The sylph appears again trying desperately to distract James and bring him to her forest home. She succeeds in mischievously grasping the ring that James is about to put on Effie’s finger and places it on her own. She flies away with James chasing after her. When Effie discovers that her betrothed is gone, she is distraught. Gurn, on the other hand, is pleased and leads the men of the party on a search for his friend.
ACT II: A FOREST GLADE
Old Madge and her cohorts are concocting a magic formula in a cauldron from which she eventually pulls out a scarf that has been brewing in it.
In a sunnier part of the woodlands, the sylph and her friends dance for James, showing him their beautiful home, showering him with the sweet fruits that grow there, and refreshing him with the waters that flow through. He joins them but ultimately, they begin to flee to other parts of the forest. He endeavors to capture the one he loves, but ever-elusive, the sylph escapes him again.

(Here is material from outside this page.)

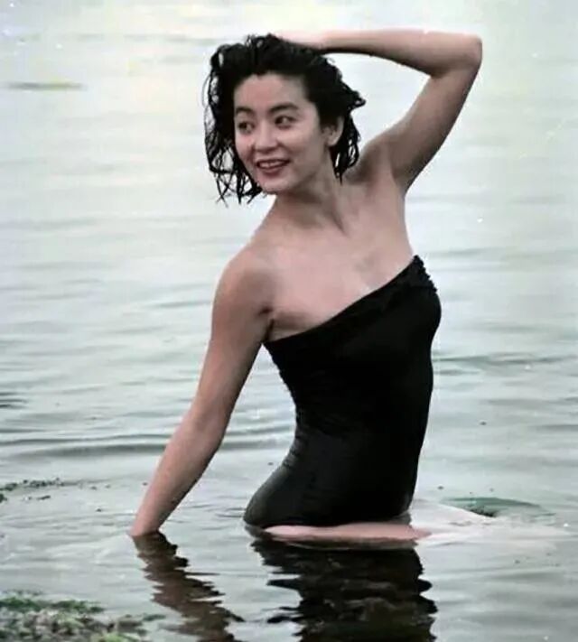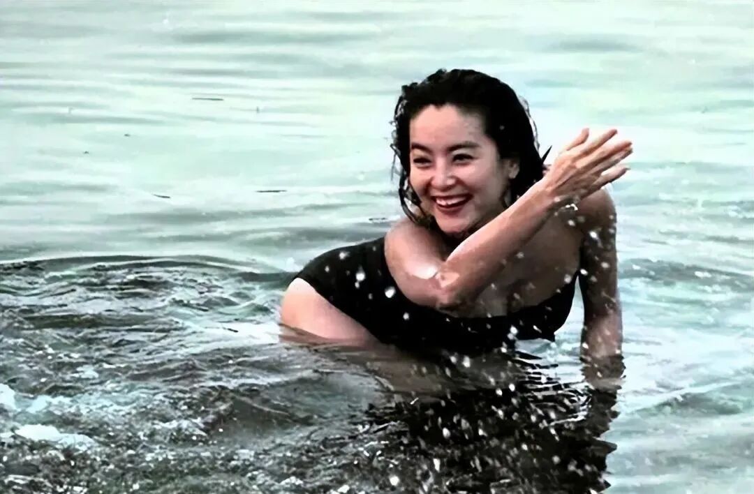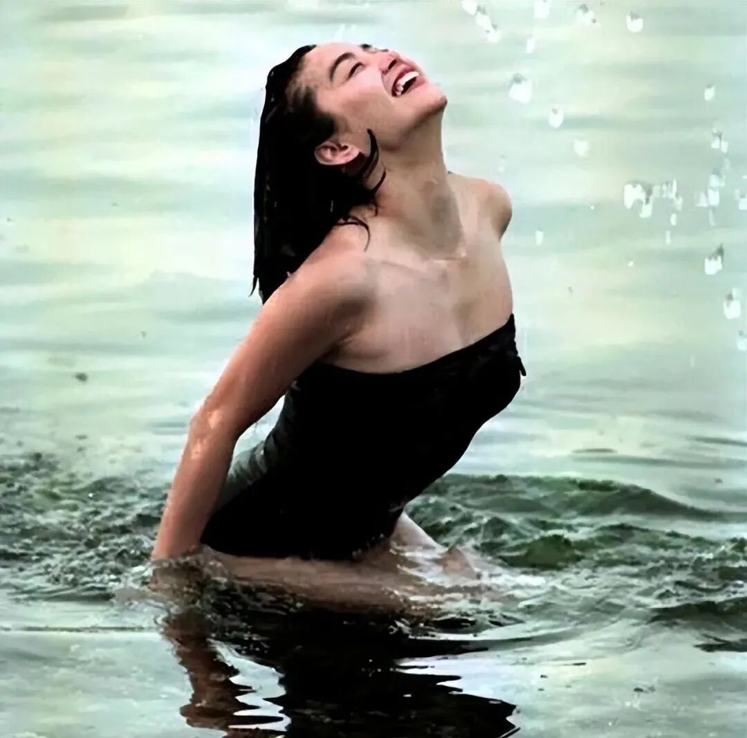 林青霞蹲在水中玩水,宛如出水芙蓉,无论是她的形体,还是她的气质,都很赏心悦目,另外,从林青霞脸上的表情就能看出她有多开心。

Meanwhile, Gurn and the wedding guests continue looking for their friend. He finds a piece of James’ clothing, but at Old Madge’s encouragement, he says nothing about it to Effie and instead proposes to her. She accepts, considering her once betrothed as forever lost, and the search party leaves the forest.
When James enters again, he finds Old Madge there. She presents him with the magic scarf promising that if he wraps it around the sylph’s arms and shoulders, he will be able to hold it close to him forever. When the sylph appears again, she allows James to wrap the scarf around her. Unfortunately, the embrace in the bewitched scarf causes the sylph’s wings to fall causing her death. As she rises above with the help of her sylph sisters, the wedding procession of Effie and Gurn passes through, stunning James to collapse.
Old Madge solitary enjoys her triumph.
★ INTERESTING FACT ★ An epitome of the romantic ballet genre, LA SYLPHIDE is also one of the oldest surviving ballets. The version choreographed by August Bournonville in 1836 is still performed, most prominently by the company for which he choreographed it for – The Royal Danish Ballet.